The nationalist response to Northern Ireland centenary commemorations has been disappointing, says Orange Order chief
A senior Orange Order figure has expressed disappointment that nationalists have been largely unwilling to commemorate the centenary of Northern Ireland in any way.
Grand Lodge grand secretary Rev Mervyn Gibson said he feels particularly aggrieved as, in 2016, he attended a number of events marking 100 years since the Easter rebellion that eventually led to partition.
“I feel the same respect hasn’t been shown to Northern Ireland’s centenary as unionists showed to the 1916 commemorations in the Republic of Ireland – indeed, the department of foreign affair’s Simon Coveney wouldn’t even appoint people to sit on the committee in Northern Ireland when he was offered to do so,” Rev Gibson said.
“I attended many of the  events myself. I went to anything I was invited to that didn’t commemorate those involved in the Rising itself, but there were other reconciliation events I attended, and would have supported.

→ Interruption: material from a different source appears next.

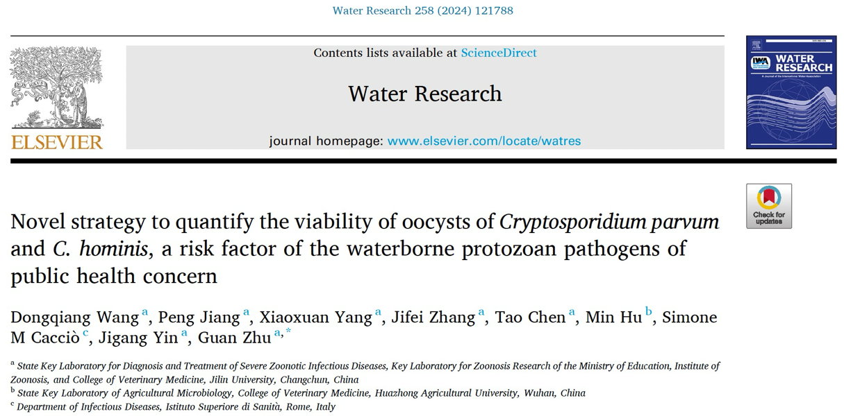 近日,永利yl23455朱冠教授团队于国际水资源顶级期刊《Water Research》发表题为“Novel strategy to quantify the viability of oocysts of Cryptosporidium parvum and C. hominis, a risk factor of the waterborne protozoan pathogens of public health concern”的论文,报道了定量检测水源中隐孢子虫卵囊活力的新方法。此研究由王东强(博士生)等领衔,旨在解决现有检测方法无法灵敏有效区分隐孢子虫种类和活力的问题,以提供更准确的公共卫生风险评估手段。

“The Republic of Ireland’s government put a lot of effort and money into their events in their country and quite rightly so. However, from nationalism there has be almost opposition, or only lip service, to the centenary.”
Rev Gibson said the Covid pandemic had ensured the first of the NI centenary events would be much more low-key than anticipated, but said that would change as the restrictions are gradually relaxed.
He also said he has been disappointed at the “lack of support from Westminster, from the [NI] Executive and from councils” for centenary events.
“I fully understand and respect that there are people who have no time for Northern Ireland, thus it would be hypocritical for them to celebrate it, however, the voting patterns of the SDLP and Sinn Fein in blocking finances for it, the failure of the Executive to set any money aside for the centenary, and what I would describe as the government’s watered down version of what should have been done, has been disappointing.”
Rev Gibson added: “People are planning things for the rest of the year, because we have always said it was a year-long celebratory event, and as Covid restrictions ease you will see a lot more things happening.”